Instructions for the task =
Every word in the data below belongs in your copy, exactly as given; the pictures do not.

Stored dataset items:
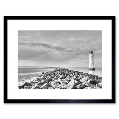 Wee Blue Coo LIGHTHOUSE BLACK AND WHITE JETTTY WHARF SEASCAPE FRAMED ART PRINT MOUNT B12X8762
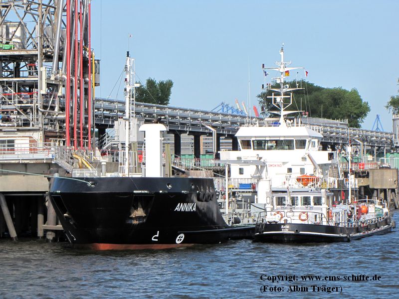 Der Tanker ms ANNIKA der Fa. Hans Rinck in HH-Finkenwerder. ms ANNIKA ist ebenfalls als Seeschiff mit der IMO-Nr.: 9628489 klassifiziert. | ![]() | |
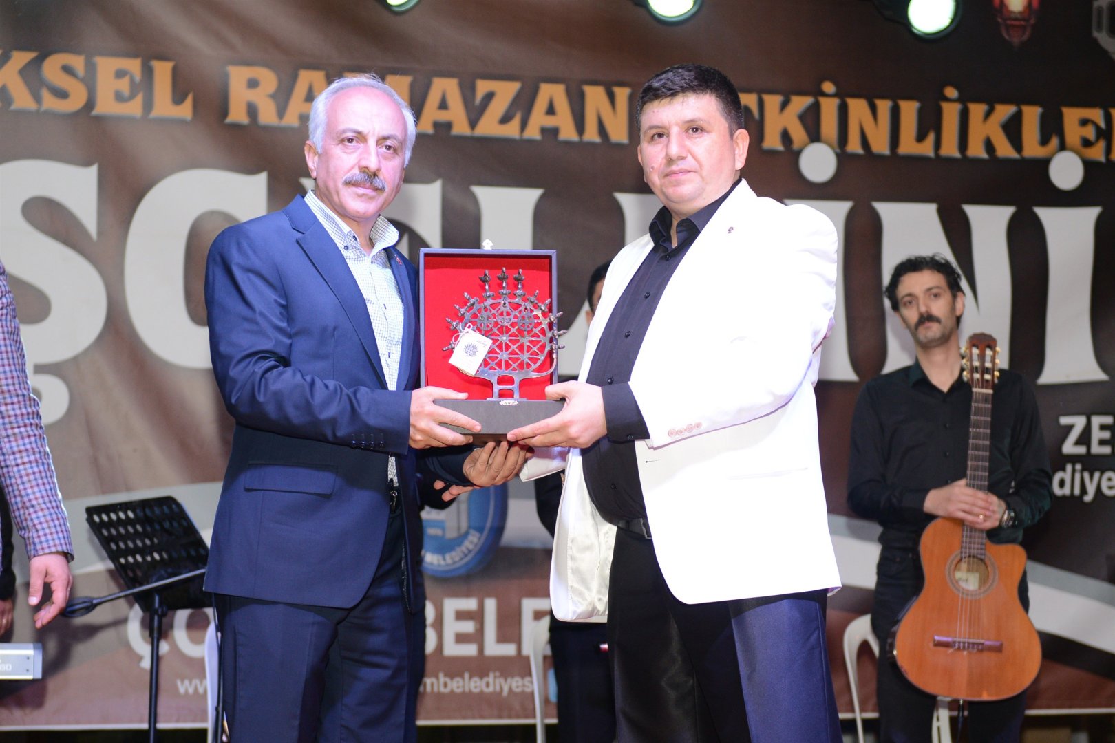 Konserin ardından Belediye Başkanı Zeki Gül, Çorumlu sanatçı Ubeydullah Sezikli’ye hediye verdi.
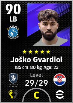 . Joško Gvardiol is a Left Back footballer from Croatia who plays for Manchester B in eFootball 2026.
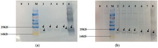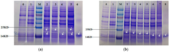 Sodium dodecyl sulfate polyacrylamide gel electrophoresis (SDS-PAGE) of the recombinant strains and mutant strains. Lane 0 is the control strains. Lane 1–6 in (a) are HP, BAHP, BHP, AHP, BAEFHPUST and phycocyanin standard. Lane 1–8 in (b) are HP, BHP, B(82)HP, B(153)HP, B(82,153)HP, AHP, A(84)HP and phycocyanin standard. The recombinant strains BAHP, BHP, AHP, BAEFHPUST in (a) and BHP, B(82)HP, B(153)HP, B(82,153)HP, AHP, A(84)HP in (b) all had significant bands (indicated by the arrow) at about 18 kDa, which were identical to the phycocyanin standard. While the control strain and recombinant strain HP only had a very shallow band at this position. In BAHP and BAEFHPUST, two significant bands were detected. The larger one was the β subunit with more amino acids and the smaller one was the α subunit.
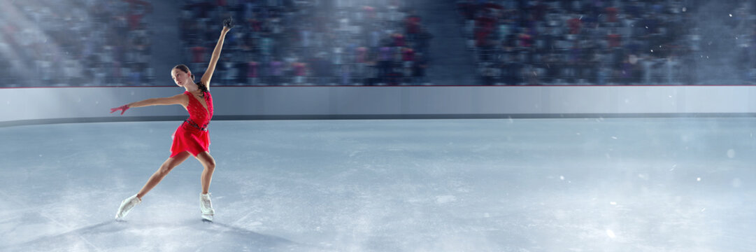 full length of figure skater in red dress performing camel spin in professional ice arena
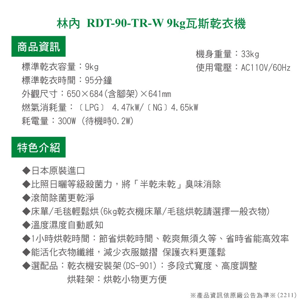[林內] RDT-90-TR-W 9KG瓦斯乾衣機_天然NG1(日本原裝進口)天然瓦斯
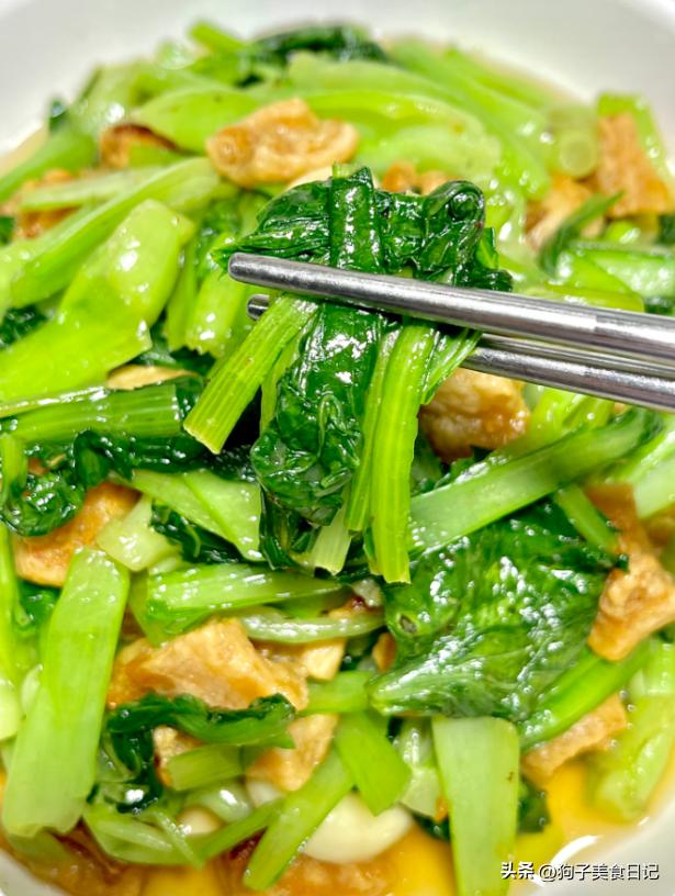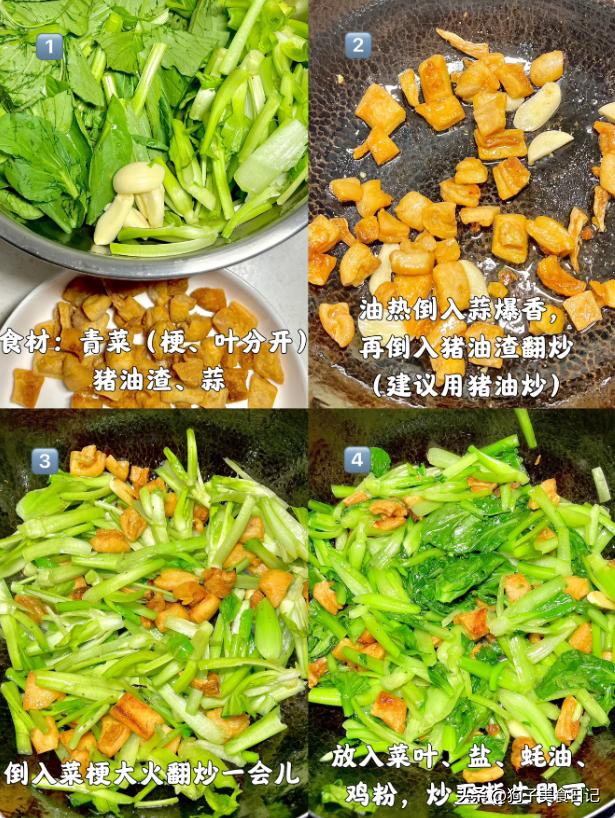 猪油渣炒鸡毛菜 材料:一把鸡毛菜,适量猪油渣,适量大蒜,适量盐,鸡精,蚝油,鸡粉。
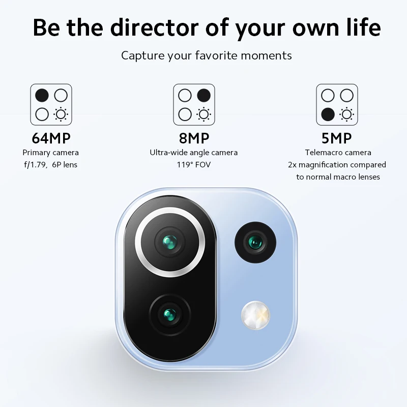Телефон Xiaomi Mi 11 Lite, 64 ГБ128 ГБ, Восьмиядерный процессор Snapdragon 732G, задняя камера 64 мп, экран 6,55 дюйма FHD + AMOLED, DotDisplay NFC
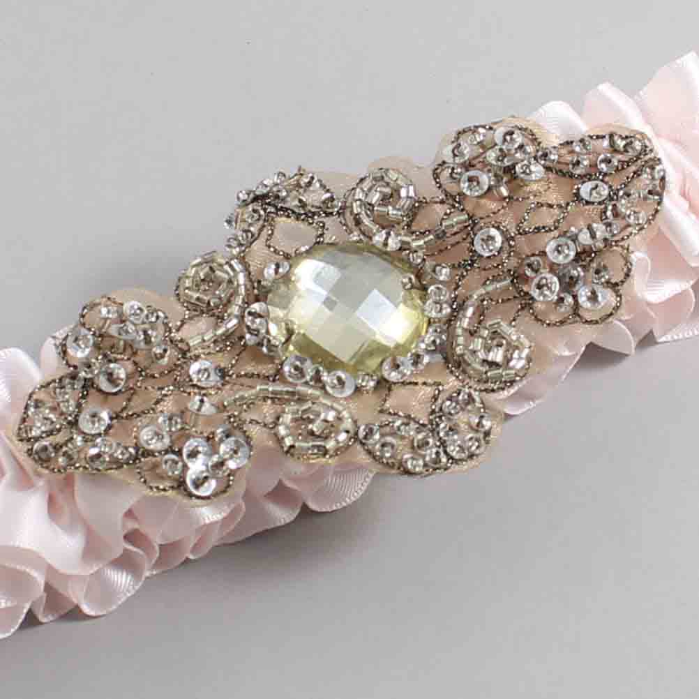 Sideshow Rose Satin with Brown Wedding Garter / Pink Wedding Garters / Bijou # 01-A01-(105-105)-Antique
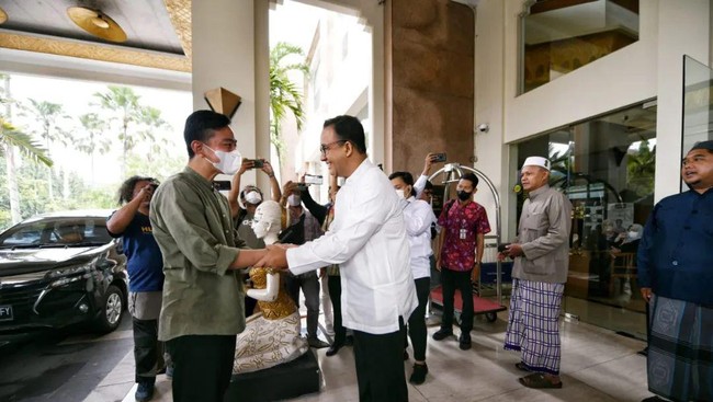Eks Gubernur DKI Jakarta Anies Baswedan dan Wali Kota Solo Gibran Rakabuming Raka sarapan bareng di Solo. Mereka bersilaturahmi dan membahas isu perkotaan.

Result =
 Wee Blue Coo LIGHTHOUSE BLACK AND WHITE JETTTY WHARF SEASCAPE FRAMED ART PRINT MOUNT B12X8762
 Der Tanker ms ANNIKA der Fa. Hans Rinck in HH-Finkenwerder. ms ANNIKA ist ebenfalls als Seeschiff mit der IMO-Nr.: 9628489 klassifiziert. | ![]() | |
 Konserin ardından Belediye Başkanı Zeki Gül, Çorumlu sanatçı Ubeydullah Sezikli’ye hediye verdi.
 . Joško Gvardiol is a Left Back footballer from Croatia who plays for Manchester B in eFootball 2026.
 Sodium dodecyl sulfate polyacrylamide gel electrophoresis (SDS-PAGE) of the recombinant strains and mutant strains. Lane 0 is the control strains. Lane 1–6 in (a) are HP, BAHP, BHP, AHP, BAEFHPUST and phycocyanin standard. Lane 1–8 in (b) are HP, BHP, B(82)HP, B(153)HP, B(82,153)HP, AHP, A(84)HP and phycocyanin standard. The recombinant strains BAHP, BHP, AHP, BAEFHPUST in (a) and BHP, B(82)HP, B(153)HP, B(82,153)HP, AHP, A(84)HP in (b) all had significant bands (indicated by the arrow) at about 18 kDa, which were identical to the phycocyanin standard. While the control strain and recombinant strain HP only had a very shallow band at this position. In BAHP and BAEFHPUST, two significant bands were detected. The larger one was the β subunit with more amino acids and the smaller one was the α subunit.
 full length of figure skater in red dress performing camel spin in professional ice arena
[林內] RDT-90-TR-W 9KG瓦斯乾衣機_天然NG1(日本原裝進口)天然瓦斯
 猪油渣炒鸡毛菜 材料:一把鸡毛菜,适量猪油渣,适量大蒜,适量盐,鸡精,蚝油,鸡粉。
Телефон Xiaomi Mi 11 Lite, 64 ГБ128 ГБ, Восьмиядерный процессор Snapdragon 732G, задняя камера 64 мп, экран 6,55 дюйма FHD + AMOLED, DotDisplay NFC
 Sideshow Rose Satin with Brown Wedding Garter / Pink Wedding Garters / Bijou # 01-A01-(105-105)-Antique
Eks Gubernur DKI Jakarta Anies Baswedan dan Wali Kota Solo Gibran Rakabuming Raka sarapan bareng di Solo. Mereka bersilaturahmi dan membahas isu perkotaan.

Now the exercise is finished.